Patterns

This overview provides practitioner-community feedback on the design patterns captured in the outstanding book: “Patterns for API Design: Simplifying Integration with Loosely Coupled Message Exchanges”. Patterns with feedback in alphabetical order:

API Description – Which knowledge should be shared between an API provider and its clients? How should this knowledge be documented?


API Key – How can an API provider identify and authenticate clients and their requests?

Conditional Request – How can unnecessary server-side processing and bandwidth usage be avoided when frequently invoking API operations that return rarely changing data?

Context Representation - How can API consumers and providers exchange context information without relying on any particular remoting protocols? How can identity information and quality properties in a request be made visible to related subsequent ones in conversations?

Data Transfer Resource – How can two or more communication participants exchange data without knowing each other, without being available at the same time, and even if the data has already been sent before its recipients became known?

Embedded Entity – How can one avoid sending multiple messages when their receivers require insights about multiple related information elements?

Error report – How can an API provider inform its clients about communication and processing faults? How can this information be made independent of the underlying communication technologies and platforms (for example, protocol-level headers representing status codes)?

Id Element – How can API elements be distinguished from each other at design time and at runtime? When applying domain-driven design, how can elements of the Published Language be identified?

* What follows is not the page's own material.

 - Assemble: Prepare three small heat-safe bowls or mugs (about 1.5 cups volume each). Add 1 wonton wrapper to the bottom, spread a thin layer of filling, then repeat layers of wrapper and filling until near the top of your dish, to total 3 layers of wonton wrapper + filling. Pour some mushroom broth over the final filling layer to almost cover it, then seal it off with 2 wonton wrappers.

Information Holder Resource – How can domain data be exposed in an API, but its implementation still be hidden? How can an API expose data entities so that API clients can access and/or modify these entities concurrently without compromising data integrity and quality?

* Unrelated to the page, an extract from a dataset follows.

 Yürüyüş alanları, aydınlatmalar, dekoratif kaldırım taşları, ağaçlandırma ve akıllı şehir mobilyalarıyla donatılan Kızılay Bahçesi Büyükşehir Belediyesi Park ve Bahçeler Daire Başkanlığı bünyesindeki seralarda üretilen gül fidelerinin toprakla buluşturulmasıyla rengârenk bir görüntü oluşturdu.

Linked Information Holder – How can messages be kept small even when an API deals with multiple information elements that reference each other?

Meta Data Element – How can messages be enriched with additional information so that receivers can interpret the message content correctly, without having to hardcode assumptions about the data semantics?

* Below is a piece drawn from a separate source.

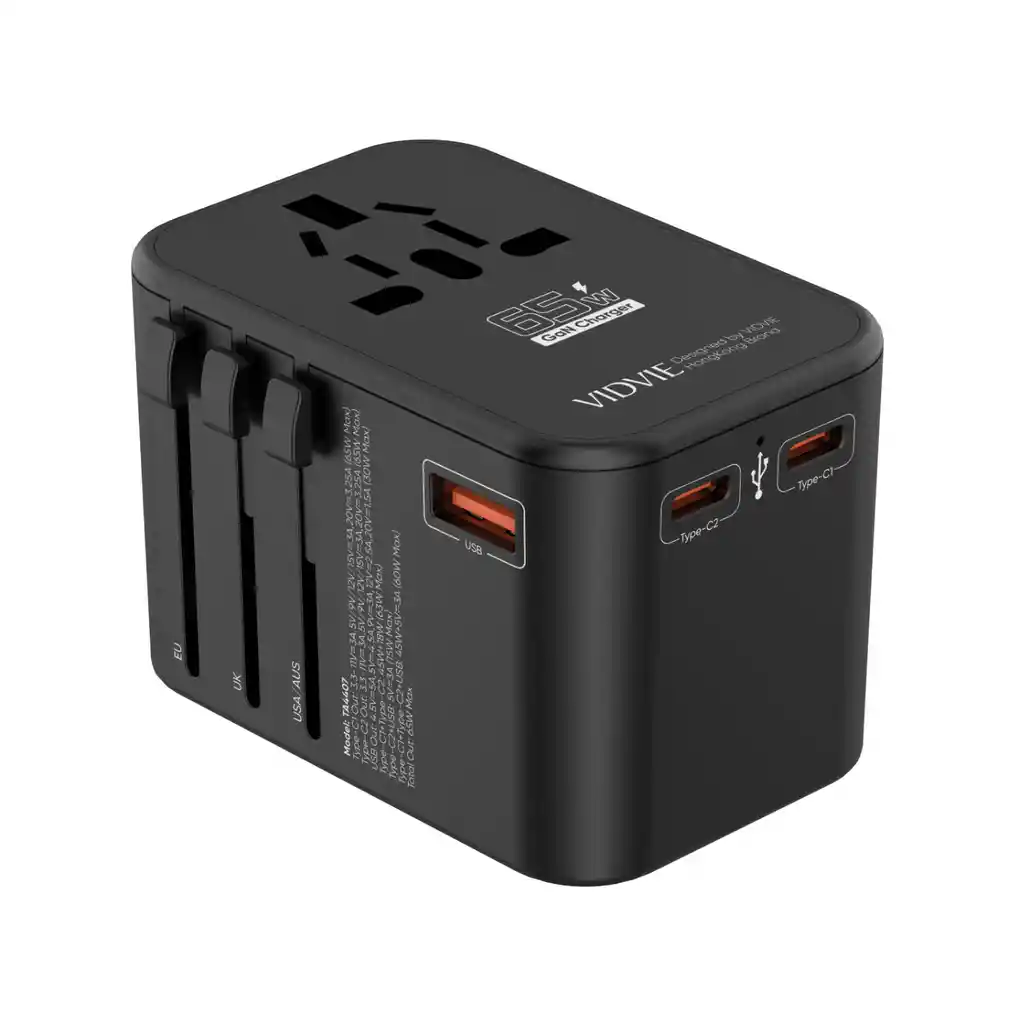 El VIDVIE TA4407 es un cargador universal de conversión global, diseñado para ofrecer la máxima comodidad al viajar o trabajar con diferentes dispositivos en cualquier parte del mundo. Fabricado con polímero y vinil comprimido retardante de llama de alta calidad, garantiza seguridad, resistencia y un uso confiable en todo momento. Con salida total de hasta 65 W, es capaz de cargar de forma rápida y eficiente múltiples equipos de manera simultánea. Incorpora dos puertos USB-C y un puerto USB-A, compatibles con diversos protocolos de carga rápida, lo que lo convierte en una solución versátil para smartphones, tablets, laptops y otros dispositivos electrónicos. Características -Cargador de conversión universal para uso global. -Fabricado en polímero y vinil comprimido retardante de llama de alta calidad. -Salida máxima de 65 W para carga rápida y eficiente. -2 puertos USB-C y 1 puerto USB-A para conexión simultánea. -Compatible con smartphones, tablets, laptops y más. -Diseño de bloqueo de seguridad lateral para mayor estabilidad. -Ideal para viajes y uso en diferentes países. Especificaciones -Modelo: TA4407 -Marca: VIDVIE -Tipo: Cargador de conversión universal global -Material: Polímero + vinil comprimido retardante de llama -Puertos: 2 × USB-C + 1 × USB-A -Potencia máxima: 65 W -Salidas *USB-C1: 3,3-11V/3A, 5V/9V/12V/15V/3A, 20V/3,25A (65W máx.) *USB-C2: 3,3-11V/3A, 5V/9V/12V/15V/3A, 20V/3,25A (65W máx.) *USB-A: 4,5V/5A, 5V/4,5A, 9V/3A, 12V/2,5A, 20V/1,5A (30W máx.) -Combinaciones *USB-C1 + USB-C2: 45W + 18W (63W máx.) *USB-C2 + USB-A: 5V/3A (15W máx.) *USB-C1 + USB-C2 + USB-A: 45W + 5V/3A (60W máx.) -Salida total: 65 W

Pagination – How can an API provider deliver large sequences of structured data without overwhelming clients?

Processing Resource – How can an API provider allow its clients to trigger an action in it?

Public API - How can an API be made available to an unlimited and/or unknown number of API clients outside the organization that are globally, nationally, and/or regionally distributed?

Rate Limit - How can the API provider prevent API clients from excessive API usage?

Retrieval Operation - How can information available from a remote party (the API provider, that is) be retrieved to satisfy an information need of an end user or to allow further client-side processing?

Service Level Agreement - How can an API client learn about the specific quality-of-service characteristics of an API and its endpoint operations? How can these characteristics, and the consequences of not meeting them, be defined and communicated in a measurable way?

Two in Production - How can a provider gradually update an API without breaking existing clients but also without having to maintain a large number of API versions in production?

Version Identifier - How can an API provider indicate its current capabilities as well as the existence of possibly incompatible changes to clients in order to prevent malfunctioning of clients due to undiscovered interpretation errors?

Wish List – How can an API client inform the API provider at runtime about the data it is interested in?